Ей приходилось делать авансы, а это не было в ее гордой натуре, и с этим помириться она не могла.

Вследствие этого она сделалась на самом деле почти неприступной.

Она вся, своей страстной натурой, отдалась любви к своей дочери.

Она окружила ее возможной роскошью и довольством.

Девочка уже через год обещала иметь разительное сходство со своей матерью.

Был, впрочем, один человек, который продолжал смотреть на Калисфению Фемистокловну бесповоротно влюбленными глазами.

Этот человек был знакомый нам камердинер Андрея Павловича Святозарова, Степан Сидоров.

Находясь в положении камердинера–друга лица, высокопоставленного в столице, Степан пользовался относительной свободой, и, приобретя, воспитываясь со своим барином, известный аристократический лоск, которым он умел при случае воспользоваться, он мог вращаться в публичных местах, далеко не совместных с его званием.
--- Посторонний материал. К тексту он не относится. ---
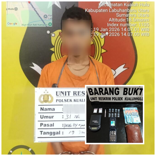AKARRUMPUT.COM, Labura – Jejak lama kembali terulang. Seorang pria berinisial R (31), yang pernah tersandung kasus narkotika, kembali diamankan aparat Polsek Kualuh Hulu. Kali ini, R diciduk saat diduga hendak bertransaksi sabu di Dusun VII Desa Damuli Pekan, Kecamatan Kualuh Selatan, Senin (19/01/2026).

Приличная наружность, даже, пожалуй, красивая, степенный вид и платье с барского плеча делали то, что его принимали за чиновника или человека, живущего своими средствами.
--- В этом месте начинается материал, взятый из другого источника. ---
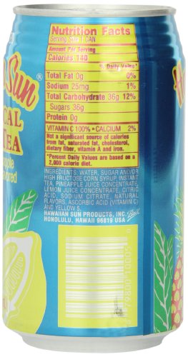-. Binding : Grocery -. Brand : Seasia -. EAN : 0079800100050 -. Feature : 24 cans of Hawaiian Sun Tropical drinks. / A plantation iced tea characterized by the natural sweetness of pineapple. / Hawaiian Sun's popular 11.5 oz Nectars and Drinks come in different blends of tropical flavors. / Hawaiian Sun nectars and drinks are packaged in aluminum cans designed with colorful fruits, island scenery and flora. / Made in Hawaii since 1952 -. Label : Seasia -. Manufacturer : Seasia -. NumberOfItems : 24 -. PackageQuantity : 24 -. ProductGroup : Grocery -. ProductTypeName : GROCERY -. Publisher : Seasia -. Size : 11.5 Ounces -. Studio : Seasia -. Title : Hawaiian Sun Iced Tea, Tropical, 11.5-Ounce (Pack of 24) -. UPC : 079800100050

Последними он умел показать, что не стесняется.

Умный и сметливый, он держался в различных ресторанах и кондитерских особняком, не заводя знакомств и не втираясь в компании. Пил он очень мало, а потому и знакомства под пьяную руку сделать не мог, да и бывал прежде в подобных местах чрезвычайно редко.

Случайно зашел он в кондитерскую Мазараки да сразу и сделался ее частым посетителем, норовя занять место против стойки, за которой величественно восседала уже сравнительно поблекшая Калисфения Фемистокловна.

Гречанка скоро пригляделась к частому посетителю и даже стала ему приветливо улыбаться.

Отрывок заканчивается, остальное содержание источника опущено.